[WORK TO BE COMPLETED] Since the listing below shows pictures, leave them out and write out exactly the lines from the line with "עגילים ארוכים עשויים" to the line with "Como jugador de", both included, and no others.

[RECORDS FOR THIS TASK]
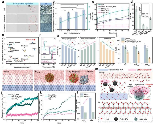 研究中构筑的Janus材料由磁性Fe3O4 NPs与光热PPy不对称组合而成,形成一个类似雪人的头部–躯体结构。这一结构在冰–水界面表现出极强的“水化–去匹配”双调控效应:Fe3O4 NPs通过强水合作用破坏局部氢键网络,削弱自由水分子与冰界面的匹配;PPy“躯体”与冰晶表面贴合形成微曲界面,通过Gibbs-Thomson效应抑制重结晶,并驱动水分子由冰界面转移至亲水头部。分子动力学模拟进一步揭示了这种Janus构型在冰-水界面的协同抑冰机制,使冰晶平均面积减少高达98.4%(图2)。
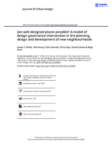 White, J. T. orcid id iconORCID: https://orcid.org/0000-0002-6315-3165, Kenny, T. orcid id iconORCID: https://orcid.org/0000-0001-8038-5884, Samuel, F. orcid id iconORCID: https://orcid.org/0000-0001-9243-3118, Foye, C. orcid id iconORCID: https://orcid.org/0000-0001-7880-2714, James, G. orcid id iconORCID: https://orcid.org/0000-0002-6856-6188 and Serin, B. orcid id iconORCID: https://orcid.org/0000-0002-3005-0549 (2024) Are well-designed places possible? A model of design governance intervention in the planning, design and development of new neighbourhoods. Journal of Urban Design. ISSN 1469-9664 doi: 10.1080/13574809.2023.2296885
* * *
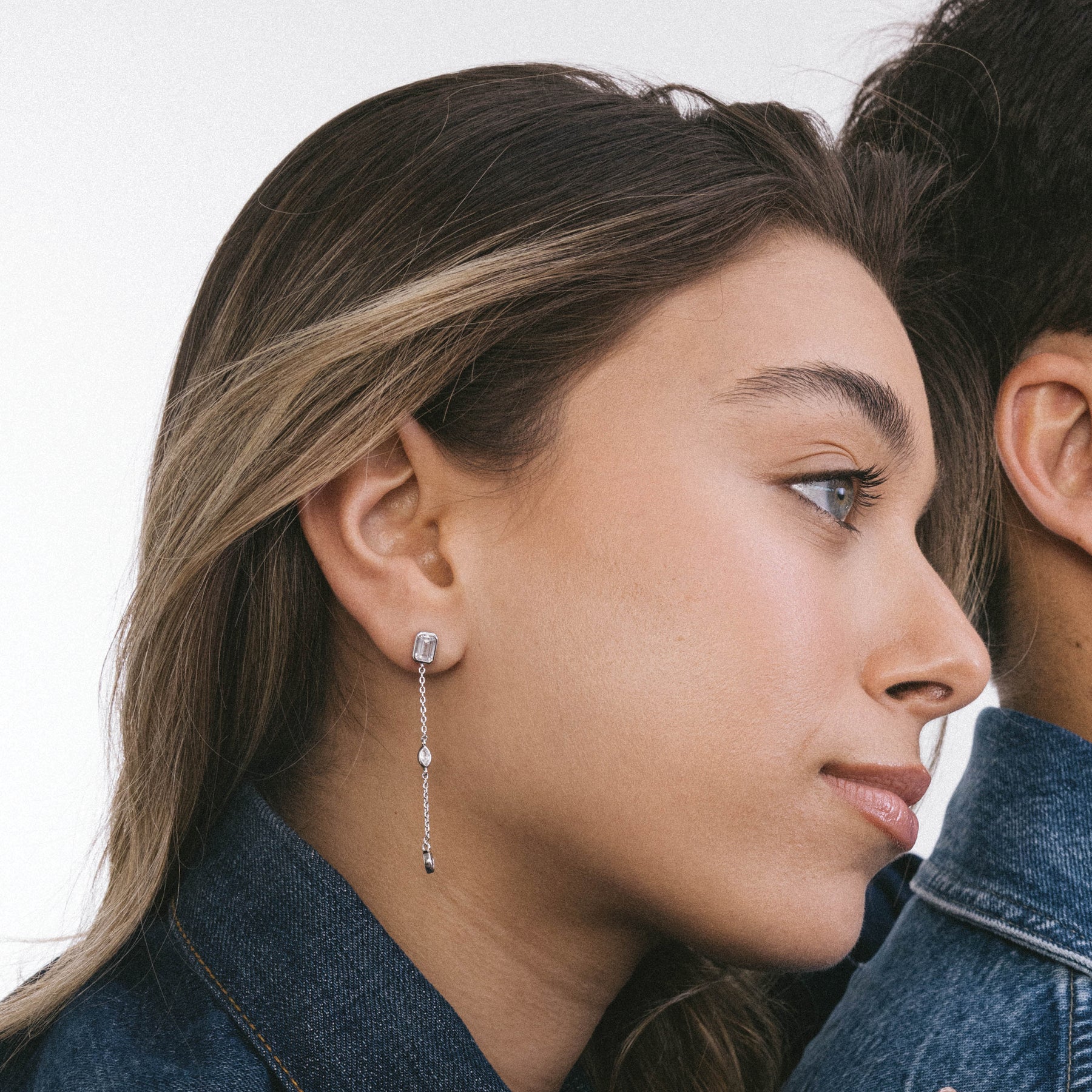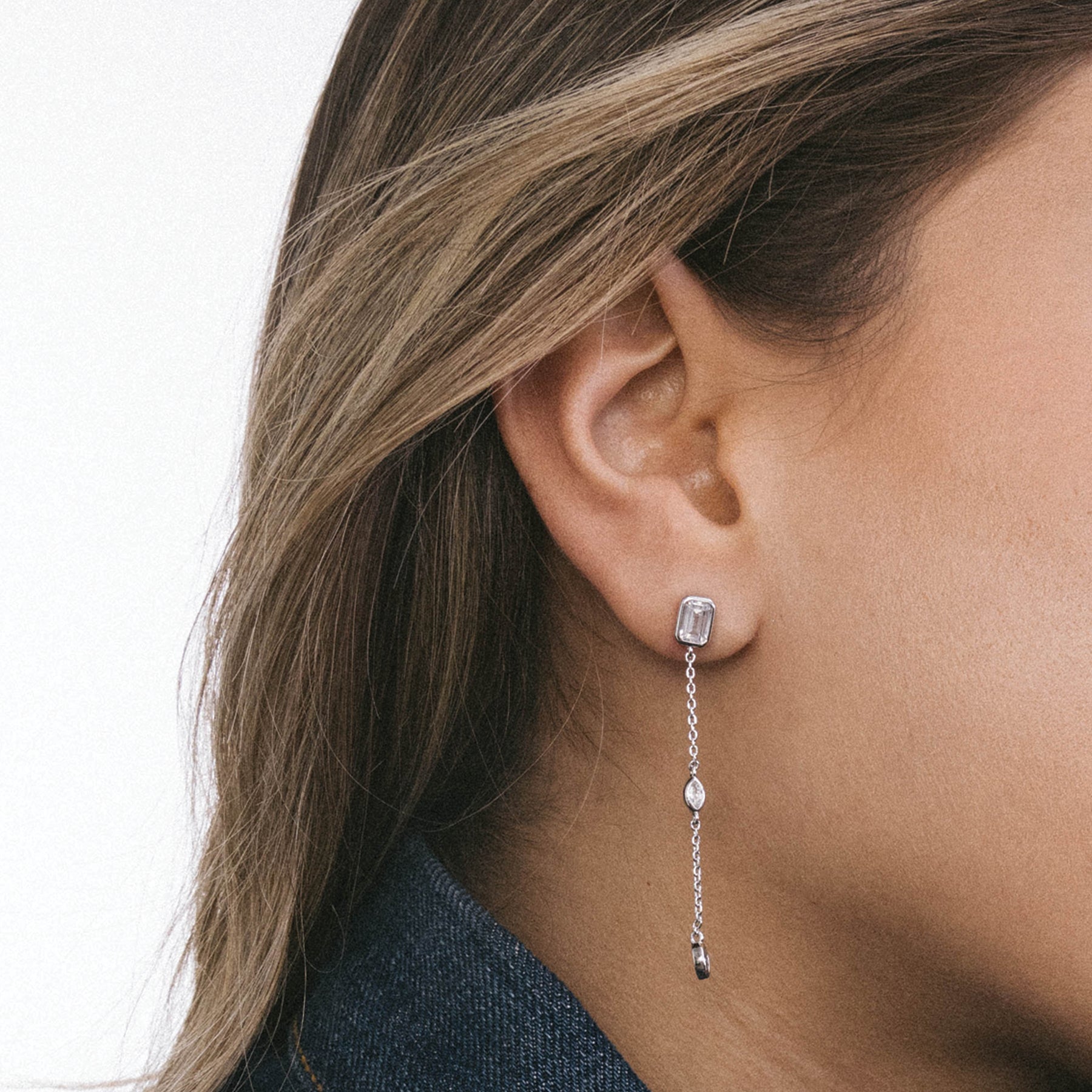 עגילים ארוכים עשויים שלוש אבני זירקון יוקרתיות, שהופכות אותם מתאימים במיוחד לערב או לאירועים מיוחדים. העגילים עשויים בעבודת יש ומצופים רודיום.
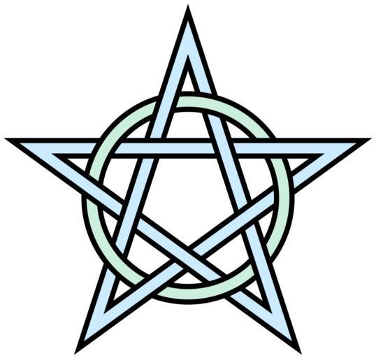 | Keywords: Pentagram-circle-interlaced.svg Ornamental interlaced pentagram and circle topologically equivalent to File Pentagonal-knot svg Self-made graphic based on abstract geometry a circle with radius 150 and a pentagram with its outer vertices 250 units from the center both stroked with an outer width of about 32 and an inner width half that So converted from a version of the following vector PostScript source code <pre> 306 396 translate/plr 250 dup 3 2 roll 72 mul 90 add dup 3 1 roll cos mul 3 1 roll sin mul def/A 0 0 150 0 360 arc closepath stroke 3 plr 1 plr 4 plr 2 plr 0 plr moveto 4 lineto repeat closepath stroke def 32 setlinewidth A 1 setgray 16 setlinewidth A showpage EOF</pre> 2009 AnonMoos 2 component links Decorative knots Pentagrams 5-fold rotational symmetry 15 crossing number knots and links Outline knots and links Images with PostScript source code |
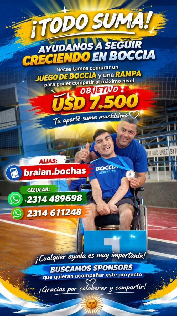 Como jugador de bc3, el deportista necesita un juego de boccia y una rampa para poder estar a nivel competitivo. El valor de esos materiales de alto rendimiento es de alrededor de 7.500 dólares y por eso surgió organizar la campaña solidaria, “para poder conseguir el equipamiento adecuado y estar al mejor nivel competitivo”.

[EXERCISE RESULT]
 עגילים ארוכים עשויים שלוש אבני זירקון יוקרתיות, שהופכות אותם מתאימים במיוחד לערב או לאירועים מיוחדים. העגילים עשויים בעבודת יש ומצופים רודיום.
 | Keywords: Pentagram-circle-interlaced.svg Ornamental interlaced pentagram and circle topologically equivalent to File Pentagonal-knot svg Self-made graphic based on abstract geometry a circle with radius 150 and a pentagram with its outer vertices 250 units from the center both stroked with an outer width of about 32 and an inner width half that So converted from a version of the following vector PostScript source code <pre> 306 396 translate/plr 250 dup 3 2 roll 72 mul 90 add dup 3 1 roll cos mul 3 1 roll sin mul def/A 0 0 150 0 360 arc closepath stroke 3 plr 1 plr 4 plr 2 plr 0 plr moveto 4 lineto repeat closepath stroke def 32 setlinewidth A 1 setgray 16 setlinewidth A showpage EOF</pre> 2009 AnonMoos 2 component links Decorative knots Pentagrams 5-fold rotational symmetry 15 crossing number knots and links Outline knots and links Images with PostScript source code |
 Como jugador de bc3, el deportista necesita un juego de boccia y una rampa para poder estar a nivel competitivo. El valor de esos materiales de alto rendimiento es de alrededor de 7.500 dólares y por eso surgió organizar la campaña solidaria, “para poder conseguir el equipamiento adecuado y estar al mejor nivel competitivo”.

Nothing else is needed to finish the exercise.